— PROBLEM DETAILS —
Each line of the records has to be copied exactly, though the pictures must be left out.

[Data items]
________________
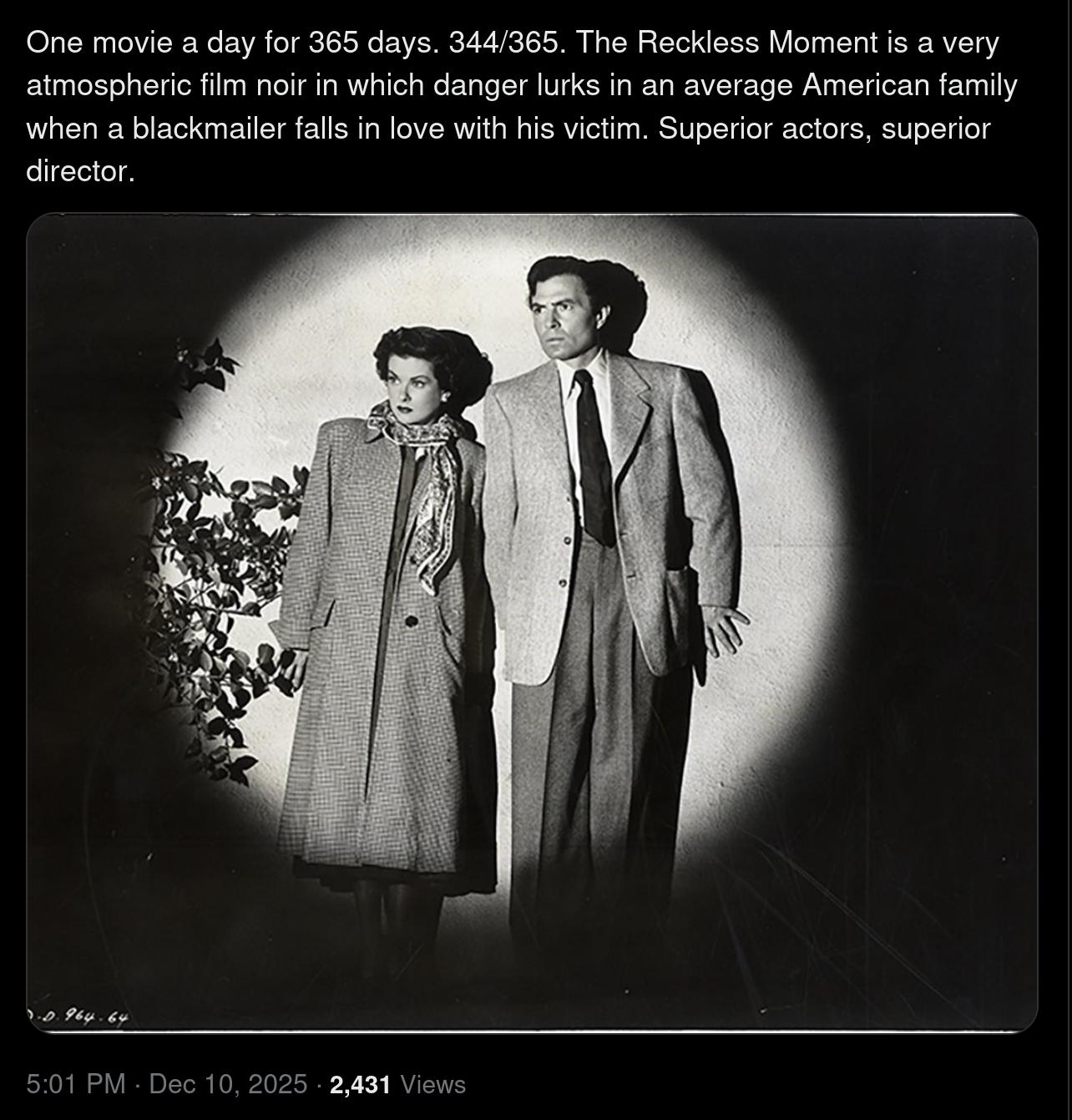 The Reckless Moment. Max Ophüls. 1949. ⚅
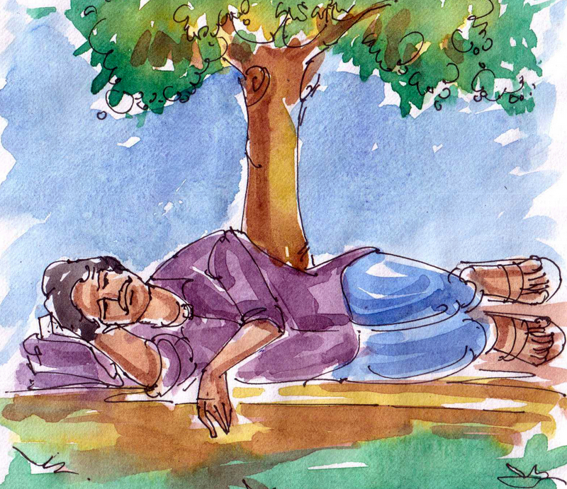 ఇంకో గంటకే బాగా అలసిపోయాడు విష్ణువర్మ కూడా. "మిత్రమా! బాగా అలసటగా ఉంది. ఇక్కడెక్కడైనా ఆగి కొంతసేపు విశ్రాంతి తీసుకుందాం. నా చేతిలో జమీందారు గారి డబ్బుంది. అందుకని కొంత జాగ్రత్త అయితే అవసరం. ముందు నేను పడుకొని కొంచెం సేపు కునుకు తీస్తాను. ఆ సమయంలో నువ్వు కాపలాగా ఉన్నావంటే, ఆ తర్వాత నువ్వు పడుకున్నప్పుడు నేను కాపలా ఉండచ్చు. అట్లాగైతే జంతుభయం కూడా ఉండదు!" అన్నాడు విష్ణువర్మ.
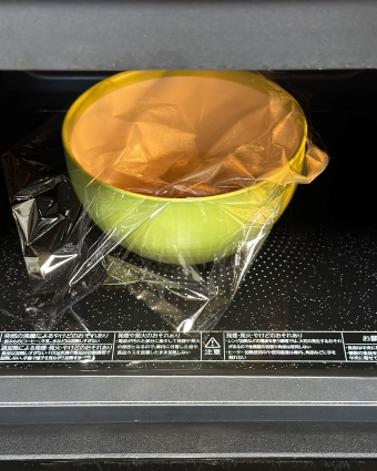 ふんわりラップをかけ200Wのレンジで8分加熱します。
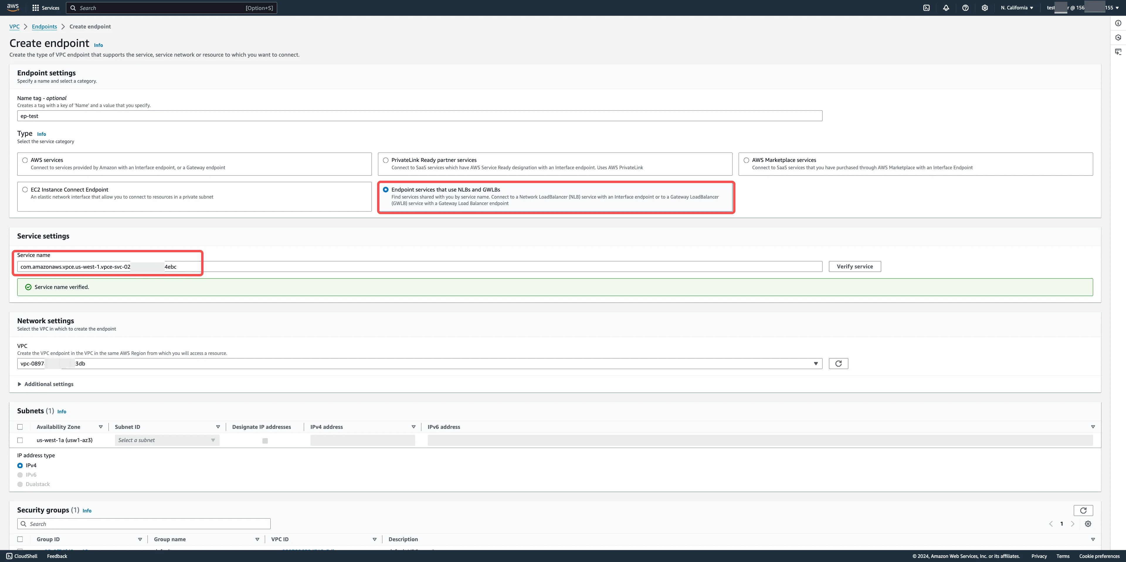 | Subnet Configuration | Availability Zone and subnet | 1. Select Availability Zone matching the endpoint service; 2. Choose appropriate subnet within that AZ |
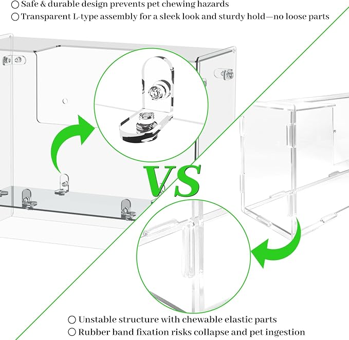 - Durable Acrylic Construction: Crafted from durable acrylic material, this hay feeder is built to last, outperforming traditional wood or plastic hay racks. Its L-shaped fixing assembly securely fasten each acrylic panel, creating a sturdier and more reliable construction than other acrylic hay holders
________________
— ANSWER AREA —
 The Reckless Moment. Max Ophüls. 1949. ⚅
 ఇంకో గంటకే బాగా అలసిపోయాడు విష్ణువర్మ కూడా. "మిత్రమా! బాగా అలసటగా ఉంది. ఇక్కడెక్కడైనా ఆగి కొంతసేపు విశ్రాంతి తీసుకుందాం. నా చేతిలో జమీందారు గారి డబ్బుంది. అందుకని కొంత జాగ్రత్త అయితే అవసరం. ముందు నేను పడుకొని కొంచెం సేపు కునుకు తీస్తాను. ఆ సమయంలో నువ్వు కాపలాగా ఉన్నావంటే, ఆ తర్వాత నువ్వు పడుకున్నప్పుడు నేను కాపలా ఉండచ్చు. అట్లాగైతే జంతుభయం కూడా ఉండదు!" అన్నాడు విష్ణువర్మ.
 ふんわりラップをかけ200Wのレンジで8分加熱します。
 | Subnet Configuration | Availability Zone and subnet | 1. Select Availability Zone matching the endpoint service; 2. Choose appropriate subnet within that AZ |
 - Durable Acrylic Construction: Crafted from durable acrylic material, this hay feeder is built to last, outperforming traditional wood or plastic hay racks. Its L-shaped fixing assembly securely fasten each acrylic panel, creating a sturdier and more reliable construction than other acrylic hay holders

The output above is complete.